Development and validation of a machine learning model for predicting early death in metastatic pancreatic ductal adenocarcinoma: a study based on the SEER database.

[BACKGROUND] Metastatic pancreatic ductal adenocarcinoma (mPDAC) has a poor prognosis, with a significant number of patients experiencing early death. Identifying these high-risk patients at diagnosis is critical for personalizing treatment intensity, facilitating timely palliative care discussions, and improving clinical trial stratification. Therefore, this study aimed to develop and validate a machine learning (ML)-based algorithm to estimate the probability of early death in patients with mPDAC.

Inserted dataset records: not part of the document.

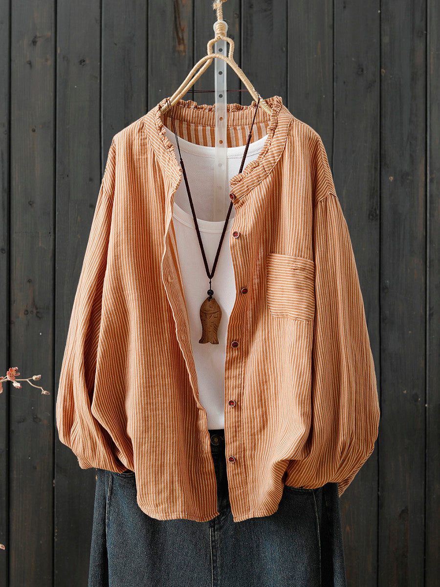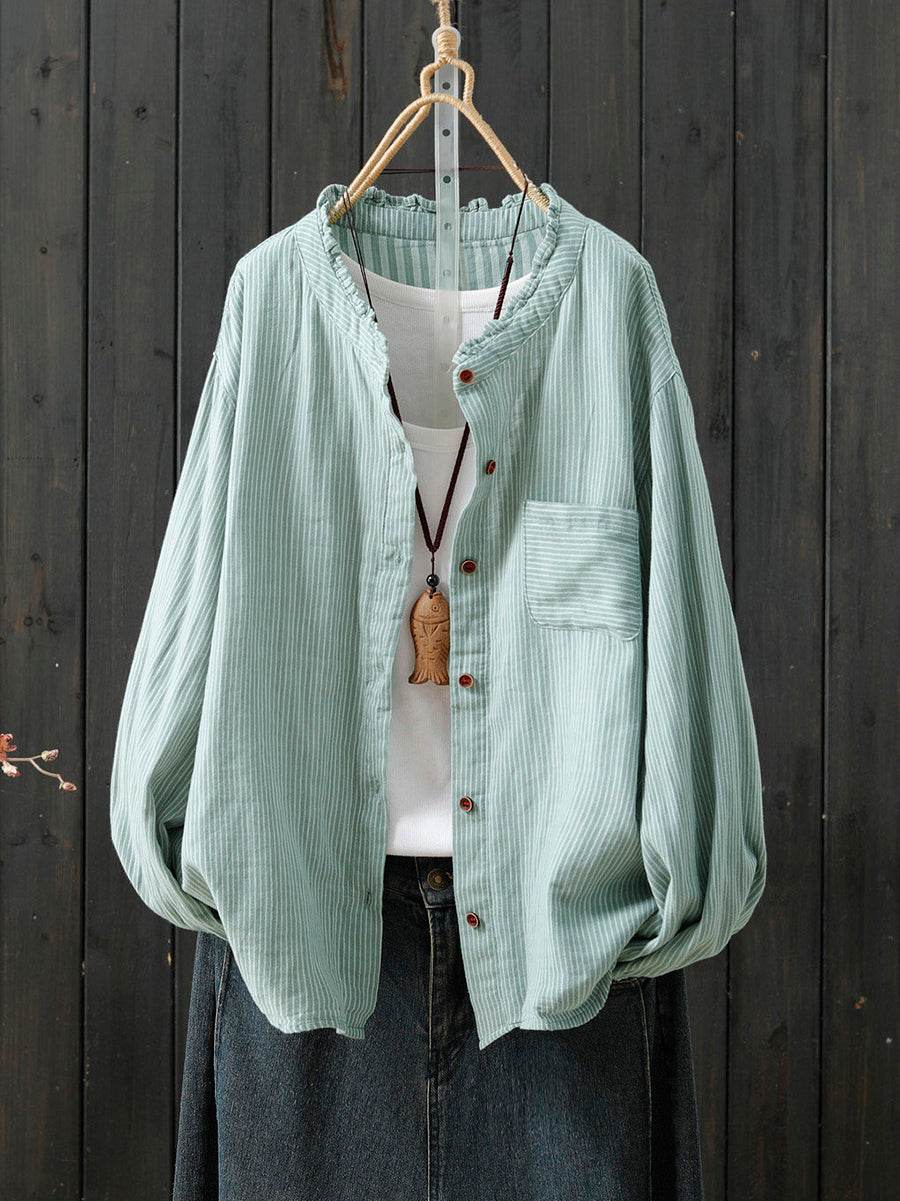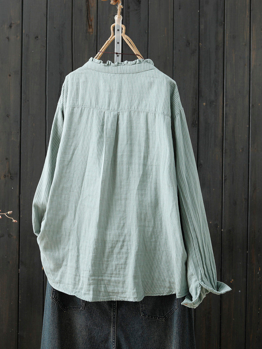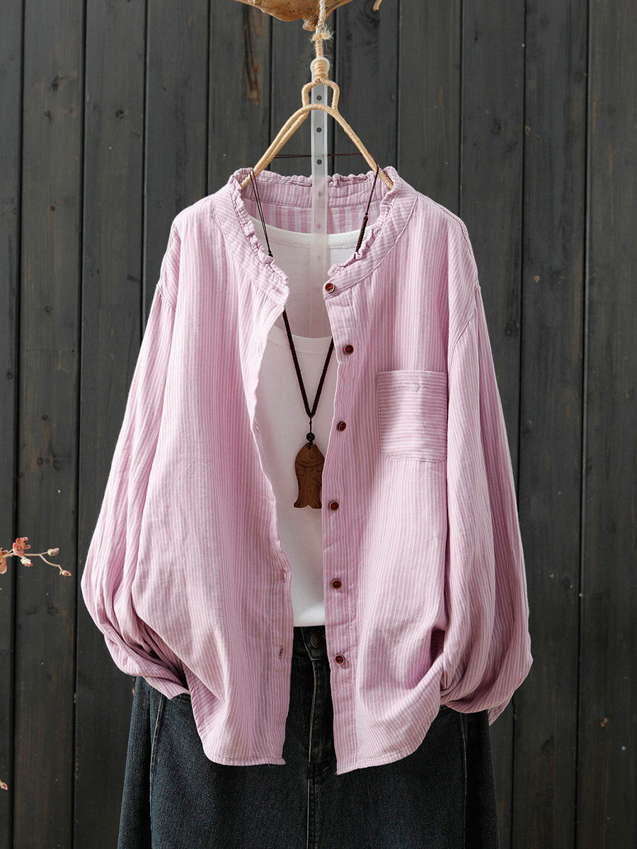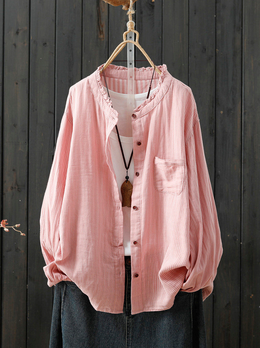 レディース 春 アーティスティック ストライプ 100%コットンシャツ
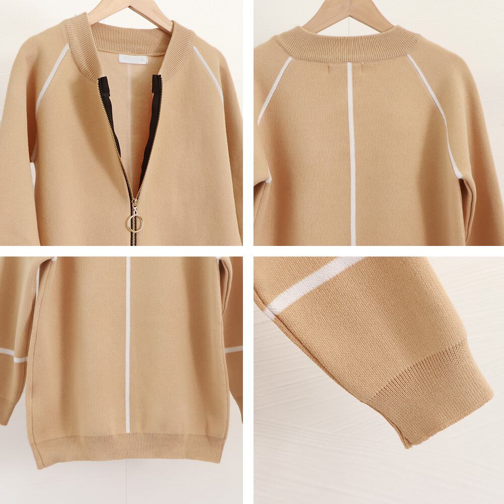 秋冬ジップパーカー 羽織り無地アウター 長袖ニットトップス
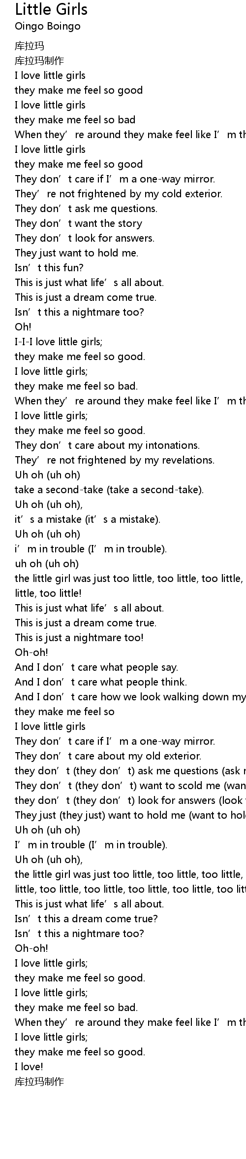 | [01:49.83] | the little girl was just too little, too little, too little, too little, too little! |
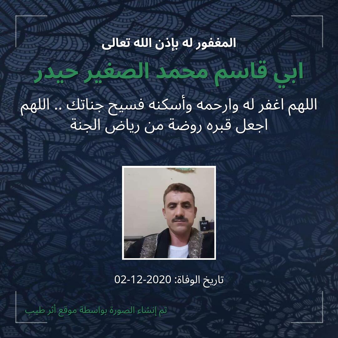 اللهم يا حنان يا منان يا واسع الغفران اغفر لـ ابي قاسم محمد الصغير حيدر وارحمه وعافه واعف عنه، وأكرم نزله ووسع مدخله، وأغسله بالماء والثلج والبرد، ونقه من الذنوب والخطايا كما ينقى الثوب الأبيض من الدنس.
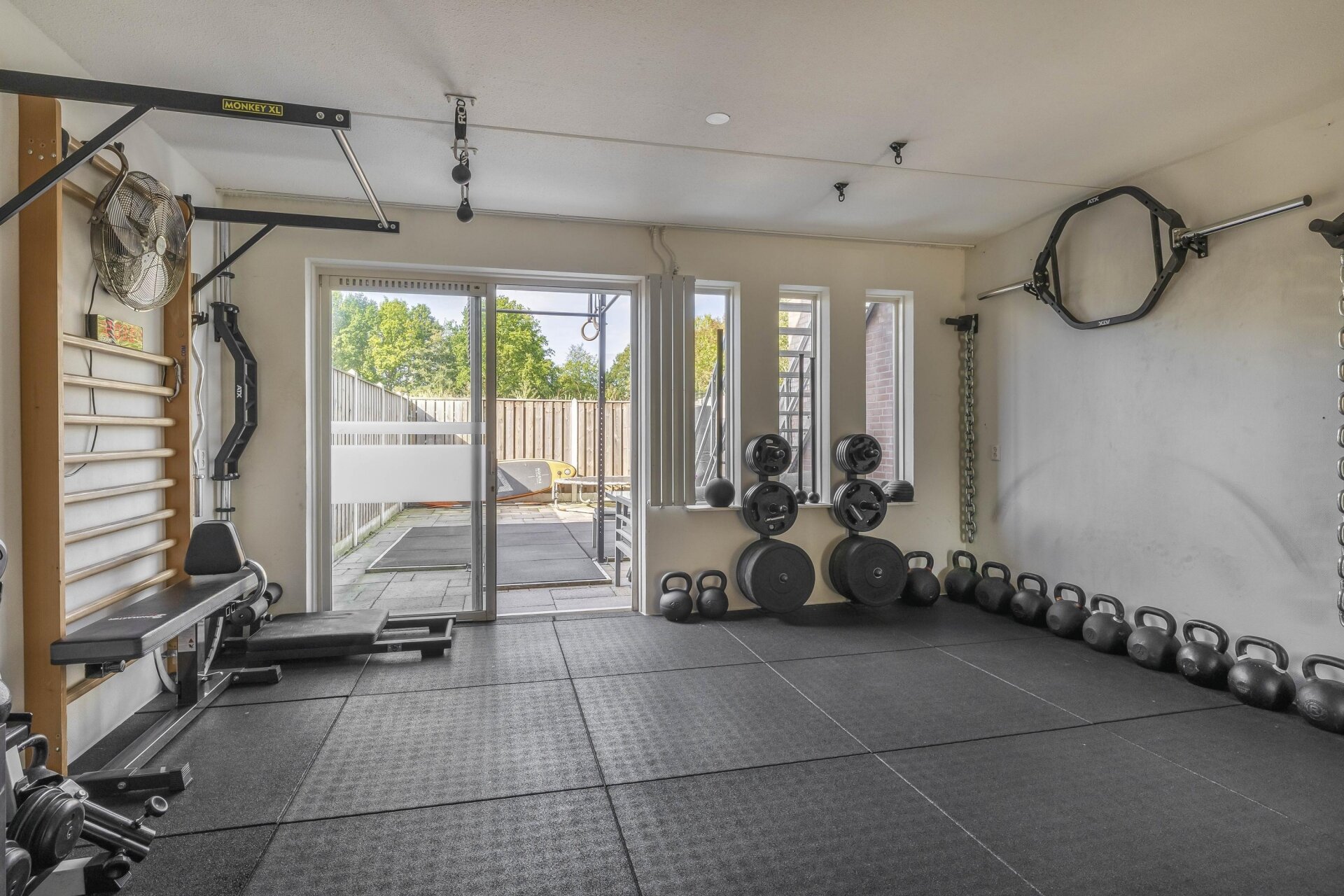 We hebben de woonkamer en keuken naar de eerste etage verplaatst om dat uitzicht optimaal te benutten. Daardoor is de begane grond nu een ruimte met eindeloze mogelijkheden — een hobbykamer, kantoor of zelfs een mancave. Deze ruimte heeft bovendien een aparte ingang, los van het leefgedeelte van het huis. Ideaal voor wie werk en privé graag gescheiden houdt. De tuin ligt op de zon. Vooral aan de rechterzijde is het heerlijk vertoeven; daar liggen we regelmatig uit de wind te genieten zodra de zon zich laat zien (en dat is in Nederland vaker dan je denkt). Voor wie liever een traditionele indeling wil met de woonkamer op de begane grond: dat is eenvoudig te realiseren. Door één muurtje te verwijderen en de keuken weer beneden te plaatsen (alle leidingen liggen er nog), heb je zo de oorspronkelijke indeling terug.
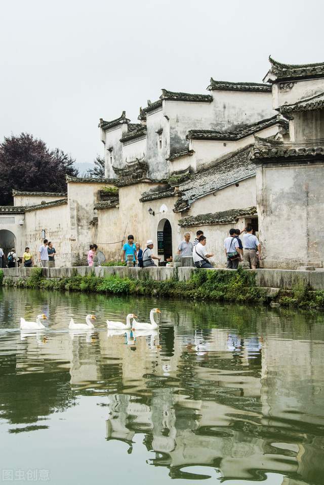 这种奇妙的场景,让我想起了马致远的那首《天净沙》中的深远清美的诗句:“古道,西风,瘦马。小桥,流水,人家。”一种幽美摄魂、令人遐想的意境在灵魂深处悄然滋生。走到村落中部的位置,一个半月型的湖牵引住了我的目光,导游介绍说,这个湖建于明朝的永乐年间,至今已有六百多年的历史。宏村七十六世祖汪思齐发现村中有一处天然的泉眼,一年四季泉流不息,就请人规划了一套完整的水系,开凿援引西溪之水,把水引入这处天然的泉眼处,建成半月型池塘,命名为“月沼”。听着这么带着神秘色彩的名字,我不由地对它产生了一种特别的好奇心。我迫不及待地紧走了几步靠近月沼,放眼望去,月沼里的水宛如一块美玉,碧绿通透,波澜不兴,水平如镜。
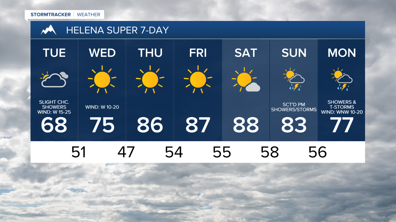 There are going to be scattered showers and thunderstorms around this evening and tonight, mainly in locations east of I-15, as a cold front continues to pass through our area. We are also going to have partly cloudy skies tonight. For tomorrow, we are going to have partly to mostly sunny skies in north-central Montana and mostly cloudy skies around Helena. There are also going to be some isolated showers around tomorrow, generally in the mountains and in northeastern Montana. We are then going to have lots of sunshine and mainly dry conditions on Wednesday. It is also going to be cool tonight as lows are going to be in the 40s and upper 30s. We are then going to have seasonable temperatures tomorrow and Wednesday as highs are going to be in the 60s and low to mid 70s in most locations, with Wednesday being the warmer day.

[METHODS] We recruited a total of 14,820 patients diagnosed with mPDAC from the Surveillance, Epidemiology, and End Results (SEER) databases. Key exclusion criteria were missing data on survival time or essential variables. The cohort was randomly split into a training set (70%) and an internal test set (30%). For external validation, we retrospectively enrolled patients with mPDAC from a Chinese medical center (2017-2019), representing a distinct geographic and healthcare population. The primary outcome was early death, defined as all-cause mortality within three months of diagnosis. Baseline clinical predictors included demographic, tumor, and treatment characteristics. Four ML models were constructed based on clinical and pathological features. The effectiveness of these models was assessed through various metrics such as the area under the curve (AUC), calibration plots, and decision curve analysis (DCA). The optimal model was selected based on 10-fold cross-validation and its generalizability was internally and externally validated. Additionally, Shapley values for relevant features were calculated using the SHapley Additive exPlanations (SHAP) method.

[RESULTS] The extreme gradient boosting classifier (XGBoost) model demonstrated the best performance (AUC =0.757). Crucially, it maintained strong generalizability in the independent external Chinese cohort (AUC =0.780), demonstrating robust cross-population applicability. According to the feature importance ranking plot generated, chemotherapy stood out as the most crucial feature, followed by age, and marital status.

[CONCLUSIONS] We developed and validated an interpretable ML model that accurately predicts the risk of early death in mPDAC patients. The model's robust performance across US and Chinese populations underscores its broad clinical utility. This tool can assist clinicians in identifying high-risk individuals at diagnosis, thereby informing personalized treatment strategies, prioritizing palliative care, and optimizing resource allocation in diverse healthcare settings.